In the majority of cases, the founders themselves have control when they need to make a corporate decision. In order not to allow the investors to share in the influence, the founders must negotiate some special rights. Keep in mind that even minority investors can still have a heavy word to say at times.

5. The Drag Along and the Tag Along

The first concept, the drag along, is in place so that it can protect the majority shareholders. It basically means that they can literally force the minority shareholders to agree in case they ever want to sell all the shares. Keep in mind that you literally have to put this into the shareholder agreement and that you must specify the shareholder percentage exactly.

For example, you can say that, if a majority of 51 percent decides it’s time to sell the shares, then the remaining 49 percent must oblige.

At the other end of the spectrum is the tag along, for it aims to protect minority shareholders. The definition here is simple. If one of the shareholders wants to sell his or her shares, then the other shareholder or shareholders can, if they want, participate in the sale pro rata (proportional).

businessmen signing document

6. The Difference Between a Good Leaver and a Bad Leaver

In other words, you can use the shareholder agreement to specify the terms and conditions in which a founder can leave. And when they do,you can divide them into two categories: the good leaver and the bad leaver.

The first type refers to a founding member who still gets to keep some of the shares, simply because they did such a good job. The bad ones get nothing in return. The advice here is that you, as the founder, agree with your investors as to what a good leaver or a bad leaver really is. When the time comes that someone really wants to leave, you might not share the same perspective as to what a good leaver is.

7. Transferring the Shares

Here is one more clause which aims to protect the shareholders. It ensures that no shares can be estranged or sold to an unwanted third party. First, a buyer must be sought. Then, the shares must be offered to the other shareholders at the same price which was established for the third party.

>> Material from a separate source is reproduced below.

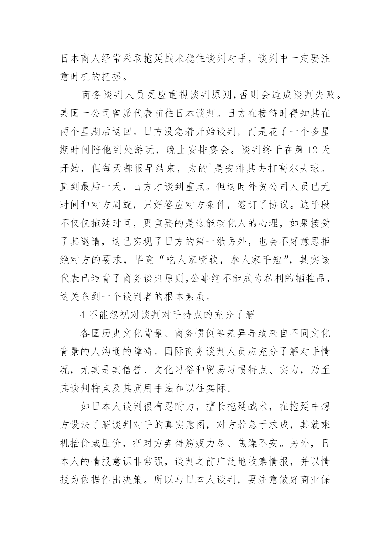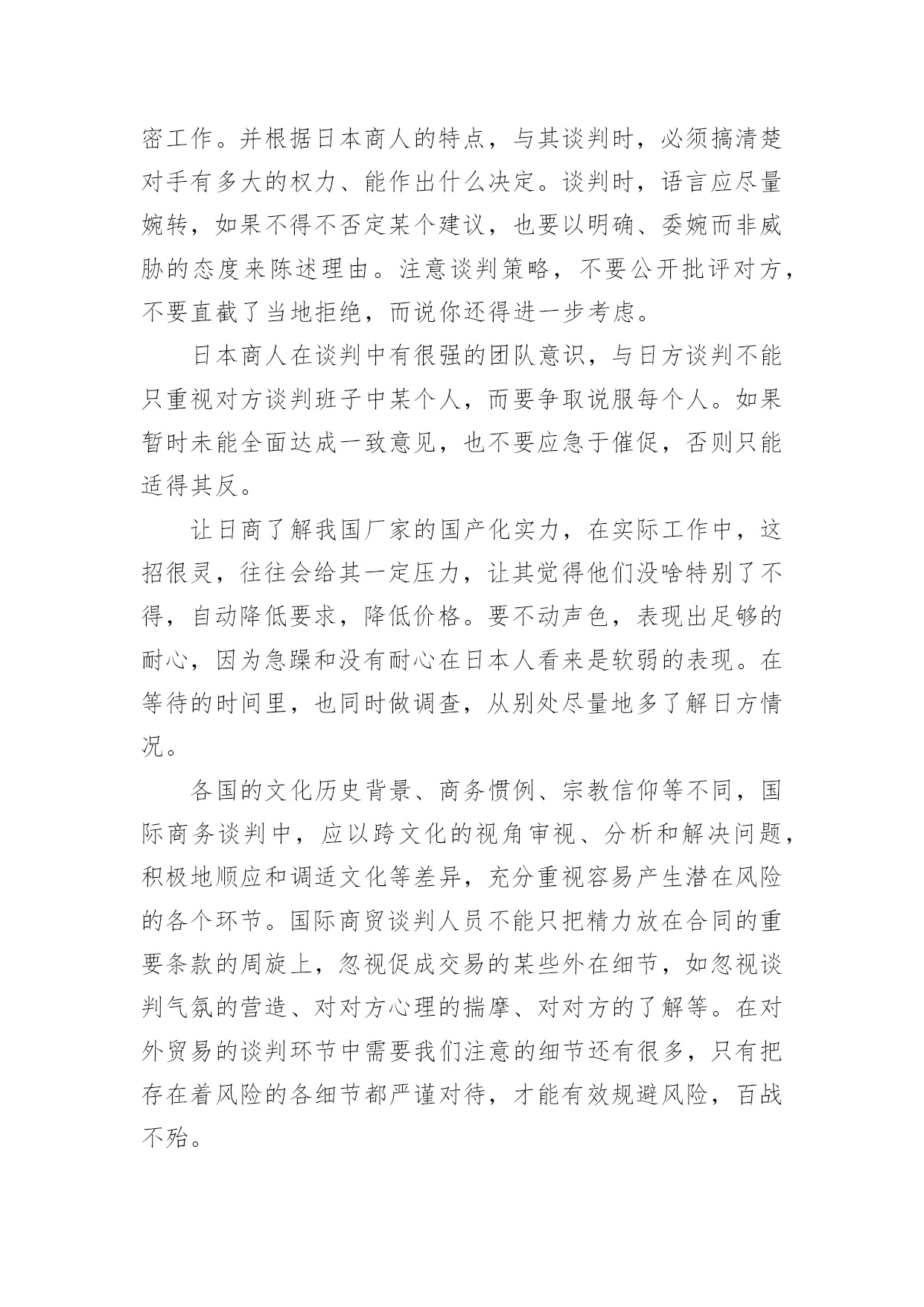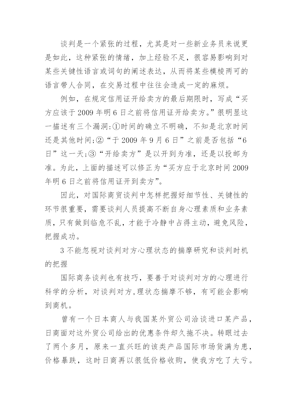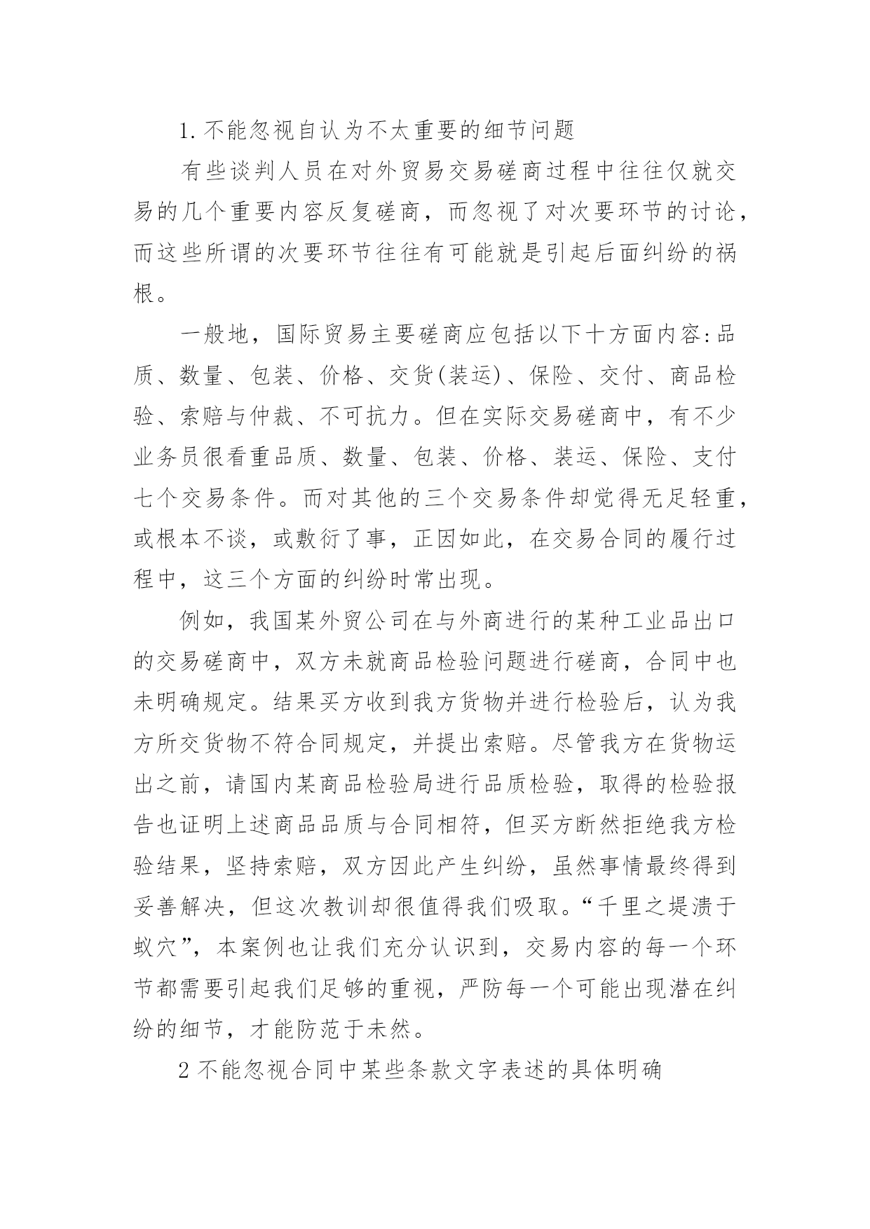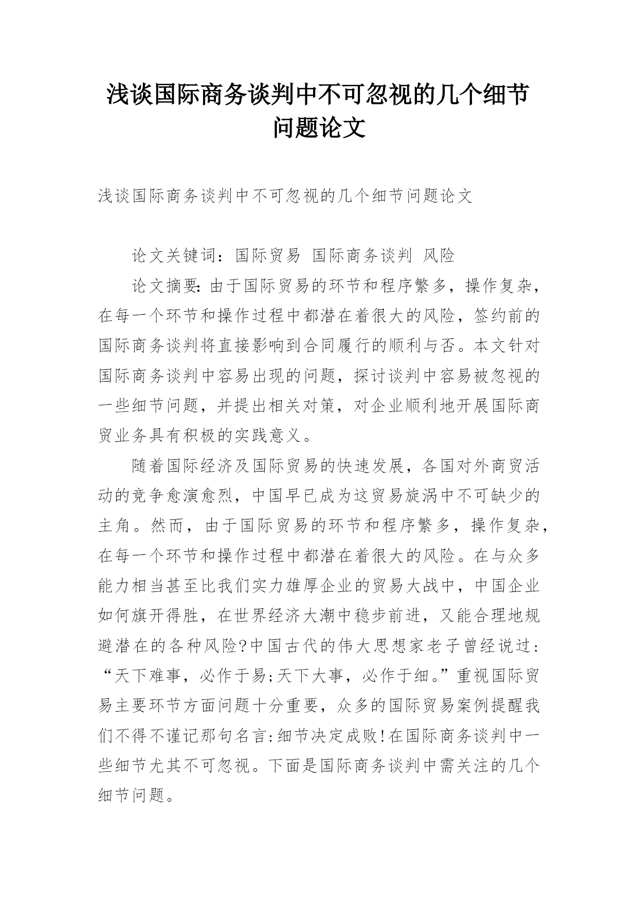 浅谈国际商务谈判中不可忽视的几个细节问题论文浅谈国际商务谈判中不可忽视的几个细节问题论文论文关键词:国际贸易国际商务谈判风险论文摘要:由于国际贸易的环节和程序繁多,操作复杂,在每一个环节和操作过程中都潜在着很大的风险,签约前的国际商务谈判将直接影响到合同履行的顺利与否。本文针对国际商务谈判中容易出现的问题,探讨谈判中容易被忽视的一些细节问题,并提出相关对策,对企业顺利地开展国际商贸业务具有积极的实践意义。随着国际经济及国际贸易的快速发展,各国对外商贸活动的竞争愈演愈烈,中国早已成为这贸易旋涡中不可缺少的主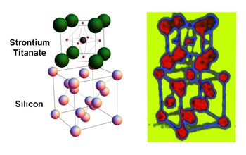 | Researchers report matching the spacing of silicon atoms--the principal component of computer semiconductors--and the spacing of atoms in a material called strontium titanate--a normally non-ferroelectric variant of a material used in "instant memory smart cards." The matched spacing allows the silicon to squeeze the strontium titanate in such a way that it produces ferroelectric properities. Ferroelectric materials provide low-power, high-efficiency electronic memory for devices such as "smart cards" that can instantly reveal and update stored information when waved before a reader. When applied to computer transistors, these materials could allow "instant-on" capability, eliminating the time-consuming booting and rebooting of computer operating systems.

If you believe there will be some kind of dispute over the real value of the shares, you can also include another clause in the shareholder agreement. It can come in the shape of a formula to define the fair value of the shares. Keep in mind that transferring the shares and its restrictions doesn’t apply to family members of the shareholders, nor to a trust.

8. Disputes

As hard as it is to believe in the beginning, as time goes by, disputes appear among the founders and shareholders of a company. In fact, they can get to be so bad that there is literally no resolve for any of them. They are called ‘fundamental disputes’ and solving them should find its way into your shareholder agreement. Here are a few examples of such conflicts.

  • Additional funding that the company needs
  • Reducing or increasing the shares
  • Paying dividends
  • Whether to sell the business or not.

Therefore, you can add a fundamental dispute clause to your agreement. When the time comes, you can use it as an exit strategy. The clause can include a mechanism through which one or more shareholders can buy out the others.

Wrapping Up

As a conclusion, you should know that when it comes to business, the possibility of falling out with your founding colleagues or shareholders is immense and ever-present. Even more so when you do business with your loved ones.

You know what they say: never do business with friends and family! Still, if you absolutely must do it, consider a shareholder agreement first.